Published: 10/30/2017   Last Updated: 10/30/2017

A Tutorial Series for Software Developers, Data Scientists, and Data Center Managers

At this point in the tutorial, all the relevant datasets have been found, collected, and preprocessed. For more information about these steps please check out the earlier articles in this series. The BachBot1 model was used to harmonize the melody. This article describes the processes of defining, training, testing, and modifying BachBot.

Defining a Model

In the previous article, (Deep Learning for Music Generation 1-Choosing a Model and Data Preprocessing), it was explained that the problem of automatic composition could be reduced to a problem of sequence prediction. In particular, the model should predict the most probable next note, given the previous notes. This type of problem is best suited for a long short-term memory (LSTM) neural network. Formally, the model should predict P(xt+1 | xt, ht-1), a probability distribution of the possible next notes (xt+1) given the current token (xt), and the previous hidden state (ht-1). Interestingly, this is the exact same operation performed by recurrent neural network (RNN) language models.

In composition, the model is initialized by the START token (see the previous article for more about the encoding scheme), and then picks the next most-likely token to follow it. After this, it continues to pick the most probable next token using the current note and the previous hidden state until it generates the END token. There are temperature controls, which introduce a degree of randomness to prevent BachBot from composing the same piece over and over again.

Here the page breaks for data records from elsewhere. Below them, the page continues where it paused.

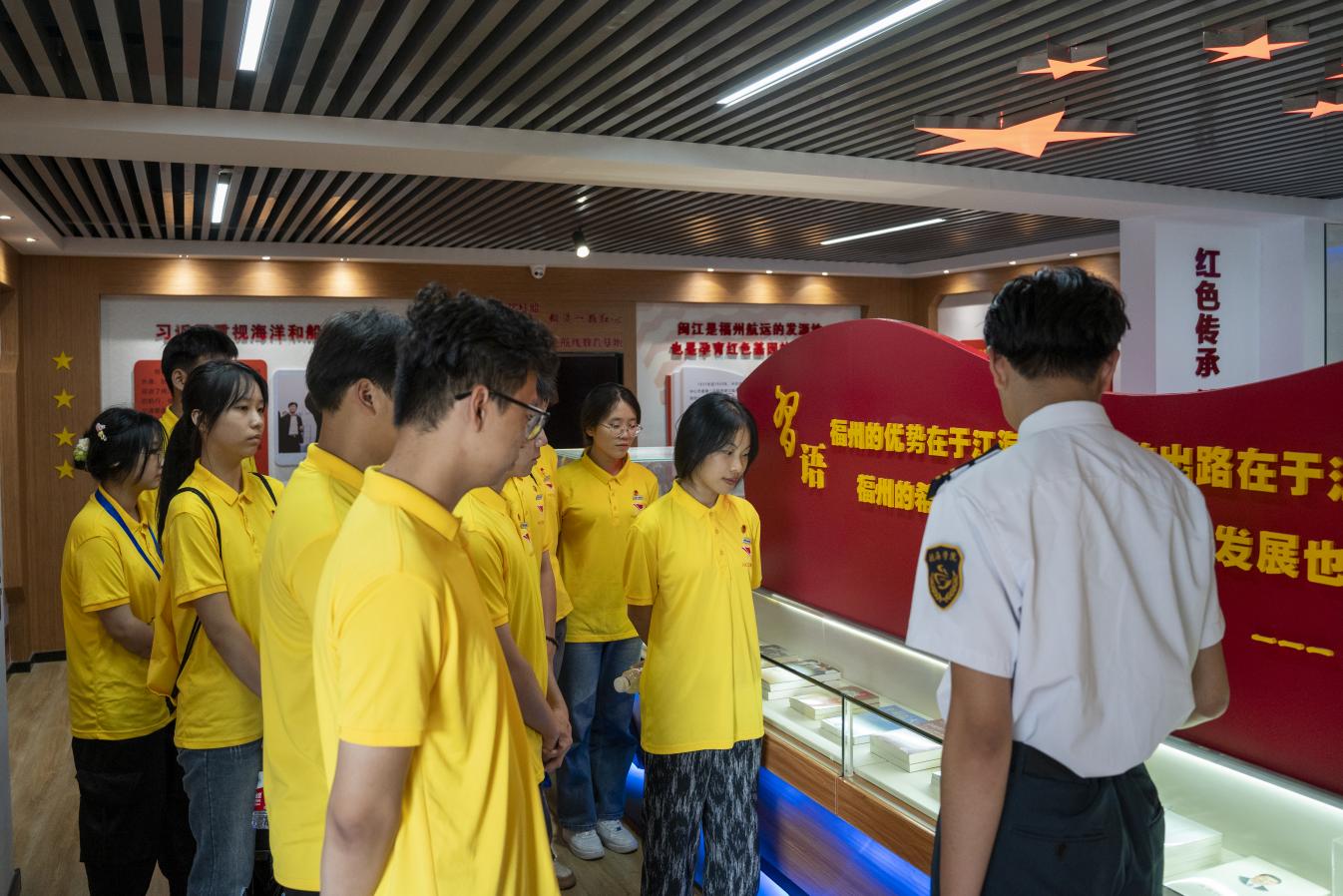館內(nèi)展示承載著閩江地下航線艱辛斗爭歷史記憶的老照片、珍貴的地下航線歷史文物,閩江流域的地下交通線斗爭歷史和水運歷史,講解員為同學們講述革命先輩的光榮歷史,帶領同學們追尋閩江之心的紅色史跡,進一步傳承和弘揚“閩江地下航線”紅色革命精神。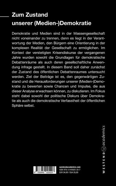 Demokratie und Medien sind in der Massengesellschaft nicht voneinander zu trennen, denn es liegt in der Verantwortung der Medien, den Bürgern eine Orientierung in der komplexen Realität der Gesellschaft zu ermöglichen. Im Kontext der verstetigten Krisendiskurse der vergangenen Jahre wurden sowohl die Grundlagen für demokratische Debattenräume als auch deren gesellschaftliche Anwendung infrage gestellt. In diesem Band soll daher zunächst der Zustand des öffentlichen Debattenraumes untersucht werden. Ziel der Beiträge ist es, den gegenwärtigen Zustand und die Herausforderungen unserer (Medien-)Demokratie zu bewerten sowie Chancen und Impulse, die aus dieser Analyse erwachsen können, zu diskutieren. Im Fokus steht dabei sowohl der politische Diskurs über Demokratie als auch die demokratische Verfasstheit der öffentlichen Sphäre selbst.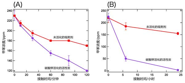 圖3:在(A)120分鐘和(B)24小時(shí)觀察未活化吸附劑(紅色)和活性炭(紫色)期間,甲苯濃度隨時(shí)間的變化。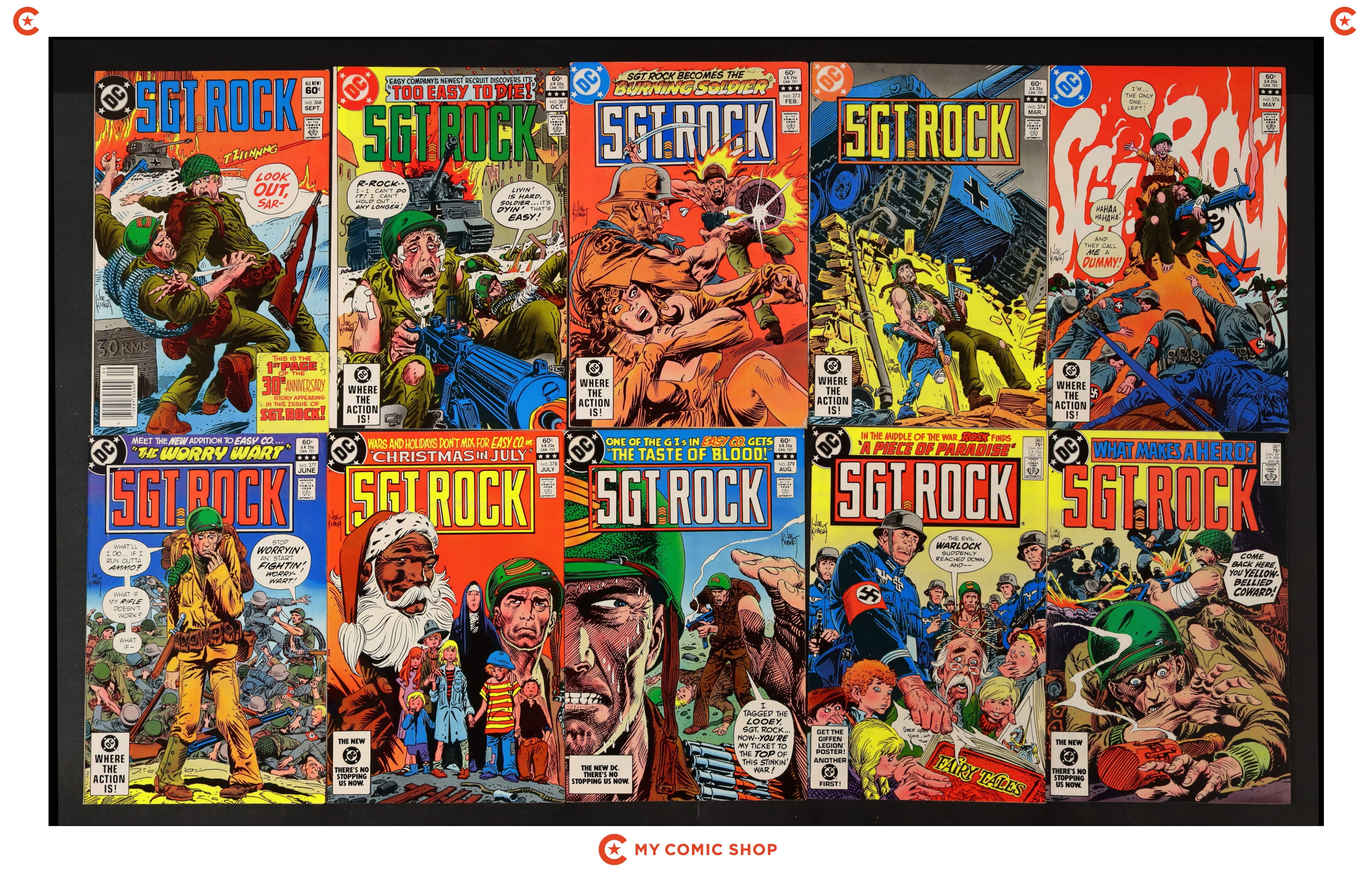 Issues 303, 305, 307, 308, 310, 311, 312, 314, 319, 366 of Sgt. Rock (1977). Most will grade in the FN- to FN/VF range.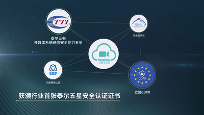对于IT人员最关心的数据安全,亿联会议做的可谓是“滴水不漏”!在安全可靠性上,亿联视讯系统获得了行业首张泰尔5星安全证书,这是目前行业安全领域的最高认证!另外,安全等保三级认证、可信云认证,欧洲GRDP标准检测等都是安全保证的“金字招牌”。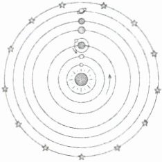 2. 聪聪在北京天文馆里观看了一部纪录片,了解了人类认识地球运动的历史。其中有两个代表性学说,右下图所展现的代表性学说是“______”,提出这个学说的天文学家是______。( )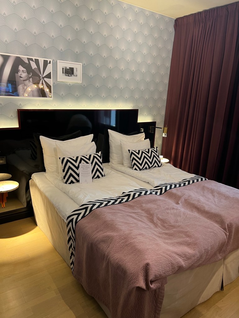 Við vorum á alveg trylltu hóteli sem heitir NH Collection sem var frábærlega staðsett. Við vorum tæpar 10 mínútur að rölta á Strikið til dæmis. Það var mjög rúmgott herbergið okkar og snyrtilegt, allt nýtt og flott. Það var svo alveg ótrúlega flott rækt niðri í kjallara og svo bar í lobbyinu.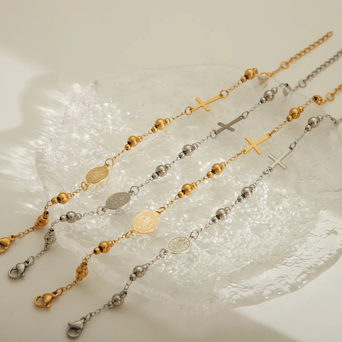 Classical Classic Style Cross 201 Stainless Steel Bracelets In Bulk

In training a prediction model, there is typically a function that should be minimized, called loss, that describes the difference of the model’s prediction to the ground truth. BachBot chose to minimize cross entropy loss between the predicted distribution (xt+1) and the actual target distribution. Cross entropy loss is a good starting point for a wide range of tasks, but in some cases you may have your own loss function. Another valid approach is to try different loss functions and keep the model that minimizes the actual loss in validation.


In training the RNN, BachBot used to correct the token as xt+1, instead of the prediction of the model. This process, known as teacher forcing, is used to aid convergence, as the model’s predictions will naturally be poor in the beginning of training. In contrast, during validation and composition, the prediction of the model (xt+1) should be reused as input for the next prediction.

Other Considerations

Practical techniques that were used in this model to improve performance, and are common in LSTM networks, are gradient norm clipping, dropout, batch normalization, and truncated backpropagation through time (BPTT).

Gradient norm clipping mitigates the problem of the exploding gradient (the counterpart to the vanishing gradient problem, which was solved by using an LSTM memory cell architecture). When gradient norm clipping is used, gradients that exceed a certain threshold are clipped or scaled.

Dropout is a technique that causes certain neurons to randomly turn off (dropout) during training. This prevents overfitting and improves generalization. Overfitting is a problem that occurs when the model becomes optimized for the training dataset, and is less applicable to samples outside of the training dataset. Dropout often worsens training loss, but improves validation loss (more on this later).

Computing the gradient of an RNN on a sequence of length 1000 costs the equivalent of a forward and backward pass on a 1000 layer feedforward network. Truncated BPTT is used to reduce the cost of updating parameters in the training process. This means that errors are only propagated a fixed number of time steps backward. Note that learning long-term dependencies are still possible when using BPTT, as the hidden states have already been exposed to many previous time steps.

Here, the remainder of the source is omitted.